Tuesday May 22, 2012

Broadridge Financial Solutions CEO Richard Daly

Richard Daly addresses the National Press Club on increasing shareholder engagement.

Good morning.

In 2010, just one in 20 individual retail investors voiced their opinions about the company they invested in by exercising their fundamental shareholder right—their proxy vote. Let me repeat that, that’s just 5%, just one out of 20.

That compares to recent historical levels 4 to 5 times as high. This alarming decline is happening at a time when a partnership between the shareholder owners—management, and directors is more important than ever as our economy is only now emerging from a period of intense mistrust. So engaging shareholders has never been more important.

Richard Daly

Public companies need to understand the seriousness of this issue and act to reverse this troubling decline to get each of their individual investors—and all individual investors generally engaged with their companies.

This decline in individual investor participation also comes at a time when new regulations demand greater transparency and provide shareholders with increased influence, so we can no longer assume that ownership of a company’s shares is evidence of support for the company. Now companies need the expression of individual investor opinion, and hopefully their support, which can only come by the voting of shares.

Further, new regulations such as say on pay, create even more pressures on management and boards to reach out and hear from shareholders. Better to hear from actual owners—whose interests are likely aligned with the company—than from outsiders whose agendas may be in conflict with shareholders’ long-term interests.

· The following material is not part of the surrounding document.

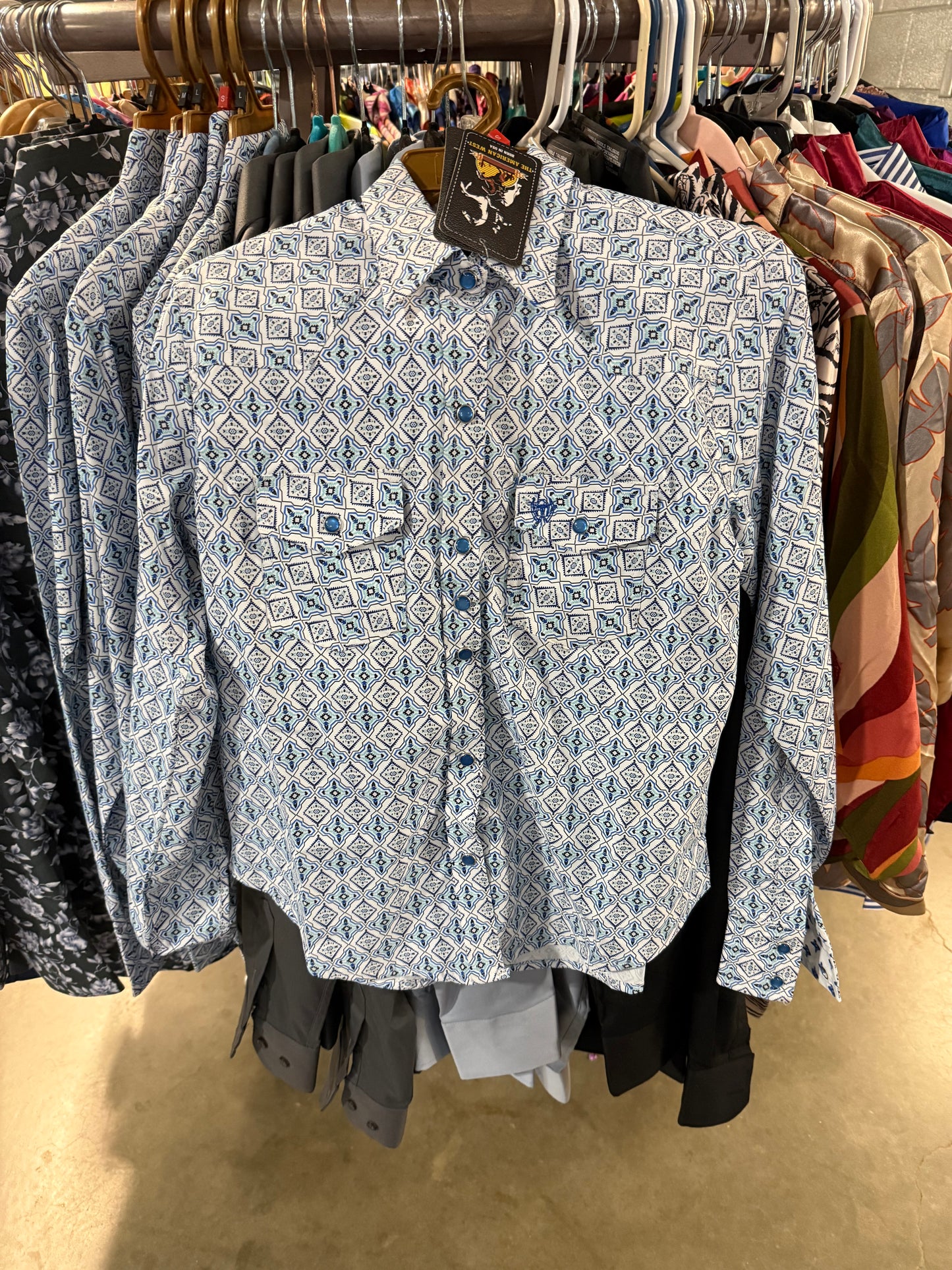 Experience the timeless beauty of the American West with our Blue Patterned Pearl Snap Top. Made with the highest quality materials, this top features stunning patterns and functional pearl snap closures. Add a touch of Western charm to your wardrobe while staying comfortable and stylish!
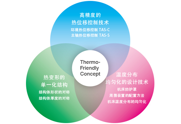 Thermo-Friendly Concept本著“接受溫度變化”的獨特的構思,使得用戶不必采取特殊措施,便能在一般的工廠環境中實現高精度加工。

As the major player in investor communications and proxy distribution, we at Broadridge are committed to making the investments in systems, technologies, processes, and intellectual capital to reverse the decline in individual investor participation.  Given our pivotal role connecting all market participants, we believe we have an underlying responsibility to operate on a path of continuous improvements that can enhance corporate governance and shareholder suffrage.

Certainly Broadridge, by itself, cannot arrest or reverse this decline in individual investor voting.

As an initial step of our overall strategy to increase individual shareholder voting, we are focusing on those areas where public companies can quickly have the greatest impact.

We are calling on chief executives of the top 1000 American businesses to join with us in launching a nationwide effort to encourage their employees—numbering in the tens of millions—to exercise a fundamental shareholder right—and need—to vote their proxy ballots, whether it be proxies relating to their employer or proxies relating to other companies in which they invest.

A relatively small increase in voting participation by employees could meaningfully increase individual investor voting participation from 5% per year, as I noted earlier, back to 20% or more per year.

We must all lead by example within our own enterprises.

So, on every investor communications distribution Broadridge makes, where the investor is not receiving communications through a digital channel, we will let them know, within the constraints of regulatory boundaries, that they have the ability to do all of this online, eliminate the paper, have all their information stored in any format they want, have access to it anywhere they want, and vote at any time they want, even on their new iPhones or iPads.

Before I continue, I’d like to stress an important point—Broadridge makes no more or no less money from an increased exercise of proxies. But, as I noted earlier, given Broadridge’s place at the nexus of investor communications and having witnessed and tallied the declining participation, we are stepping up to bring awareness—and hopefully action—to address this important issue.

But what can we, as chief executives do to encourage our employee shareholders to vote their proxies?

First, simply communicate. Be bold. Tell employees, that as shareholders it is their company. They are owners. The message to them is—if they value the company, if they believe it’s going in the right direction, then they should vote their proxies and thereby demonstrate their support for the company. And just as importantly, if they have a differing opinion, that’s good too, express it—Vote your proxy.

Second, make available to their employees and other shareholders of the company the tools they need to easily and efficiently vote their proxies.  The tools exist; we need to create the awareness.

Clearly, people today are busier than ever. With dual-income households and the conflicts of what goes on in a day, including the seemingly never-ending Blackberry or iPhone emails, people are occupied 24/7 with various activities.

Yet the same technology that connects them 24/7 also makes their ability to express their views as a shareholder and to participate in corporate governance easier than ever.